Leigh keeps 60s charm

By Cate Foster

Nothing seems to change here, which is how it should be, says Cate Foster.

Leigh's harbourside native bush is a refuge to native birds. Photo / Janna Dixon
Leigh's harbourside native bush is a refuge to native birds. Photo / Janna Dixon

For somewhere so close to Auckland, the little coastal township of Leigh retains a curiously untouched air. Somehow, despite the recent brouhaha and development down the road at its near neighbour, Matakana, Leigh stays staunch. Houses are unpretentious and the store still feels like a country dairy. Most of all, the wharf and the steep little road that leads to it doesn't feel any different from the ones that I remember from my childhood in the 60s.

So, with a passing friend from London in tow and no more than an afternoon to spend I decided to head north.

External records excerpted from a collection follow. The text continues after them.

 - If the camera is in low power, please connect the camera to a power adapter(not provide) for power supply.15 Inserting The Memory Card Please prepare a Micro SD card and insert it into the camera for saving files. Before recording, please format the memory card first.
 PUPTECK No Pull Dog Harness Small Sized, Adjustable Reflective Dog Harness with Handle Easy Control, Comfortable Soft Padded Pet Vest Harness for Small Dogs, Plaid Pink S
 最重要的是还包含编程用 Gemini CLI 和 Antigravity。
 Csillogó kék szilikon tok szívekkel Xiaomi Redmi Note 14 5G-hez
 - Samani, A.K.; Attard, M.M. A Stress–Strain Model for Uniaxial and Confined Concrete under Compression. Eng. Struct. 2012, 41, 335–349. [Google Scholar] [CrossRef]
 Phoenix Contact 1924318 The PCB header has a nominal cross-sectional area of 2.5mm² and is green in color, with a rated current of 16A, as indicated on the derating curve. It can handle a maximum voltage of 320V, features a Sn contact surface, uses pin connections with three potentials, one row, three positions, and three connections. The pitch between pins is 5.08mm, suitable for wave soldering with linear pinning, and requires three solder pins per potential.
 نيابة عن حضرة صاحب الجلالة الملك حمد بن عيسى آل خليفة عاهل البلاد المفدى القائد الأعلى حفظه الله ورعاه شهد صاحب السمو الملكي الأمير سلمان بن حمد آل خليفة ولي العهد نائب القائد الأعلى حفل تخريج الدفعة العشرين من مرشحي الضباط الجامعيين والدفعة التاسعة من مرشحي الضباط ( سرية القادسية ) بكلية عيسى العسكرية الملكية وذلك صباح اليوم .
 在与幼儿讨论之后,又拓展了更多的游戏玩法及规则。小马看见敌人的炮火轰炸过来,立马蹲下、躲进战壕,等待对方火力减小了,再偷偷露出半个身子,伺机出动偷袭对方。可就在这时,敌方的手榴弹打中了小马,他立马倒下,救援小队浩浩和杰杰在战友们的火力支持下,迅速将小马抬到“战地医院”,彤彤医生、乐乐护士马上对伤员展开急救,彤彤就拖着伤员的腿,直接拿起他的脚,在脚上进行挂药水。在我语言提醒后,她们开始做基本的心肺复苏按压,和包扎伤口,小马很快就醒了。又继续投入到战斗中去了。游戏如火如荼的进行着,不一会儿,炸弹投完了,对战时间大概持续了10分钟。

My friend had expressed a wish to see New Zealand as it used to be and Leigh seemed to fit the bill. Heading north from Auckland was a breeze, thanks to the new tolled motorway.

We hadn't even drawn breath, it seemed, before we were in Warkworth, where we stopped at what has to be my favourite cafe in that part of the world, Chocolate Brown. Perhaps because it's tucked away off the main street this cafe feels like a real local hangout, but whatever it is I always enjoy it and the coffee is real fine (said with a Southern drawl).

So too was the grilled vege omelette I had, and my friend from London, where good coffee is still a treat, was blown away.

Back on the road to Leigh we passed the (closed on Sunday) market area in Matakana and marvelled how quickly this has become an established part of the scenery.

We debated about timing our return to include a movie but decided there was too much to do and too little time.

Leigh was as it always is. Basking in a rare afternoon of late summer sun, it didn't surprise me that nothing appeared to have changed, nothing does change in Leigh and that's the way I like it.

We parked the car and set off to explore. First we visited the little cemetery at the end of Harbour View Rd. Here early settlers from the mid-19th century, as well as more recent locals, sleep under pohutukawa. Glorious views over Omaha Harbour towards the Barrier islands, serenaded by the cicadas' neverending anthem to summer, somehow comfort the soul as much as please the eye.

Retracing our steps, we walked down Hauraki Rd to watch the people fishing from the wharf. Once there, we decided a visit to this utterly charming little spot just wouldn't be complete without a bush walk, so heading down the boat ramp to the left of the wharf we walked a few minutes to the head of the harbour (Omaha Cove is its real name).

This was a favourite spot for the early missionaries to rest on their coastal journeys and the Rev Henry Williams drew it, complete with his little sailing ship at anchor, in 1831. We continued over the footbridge and along the pathway that leads around the headland.

This area is called the Leigh Scenic Reserve. Pohutukawa line the shore and the native bush harbours kereru and fantails. Beautiful harbour views popped out between the trees and it seemed like miles from anywhere.

The walk took about an hour and by the time we got back to the car we both were ready for refreshments. A movie or a pinot gris?

A peaceful glass by the river on the terrace of the Matakana Market Kitchen won and we returned to Auckland relaxed and refreshed from our undemanding jaunt.

Fresh air, lovely views and exercise to boot, what more could you want from a Sunday afternoon?

ESSENTIAL INFORMATION

Driving time 70 minutes from Auckland CBD

Walking track No6: About one hour return.

Chocolate Brown Cafe: 6 Mill Lane, Warkworth, Ph 09 422 2677.

Matakana Cinema: 2 Matakana Valley Rd, Ph 09 422 9833.

Matakana Market Kitchen: 2 Matakana Valley Rd (under the Matakana Cinema complex), Ph 09 423 0383.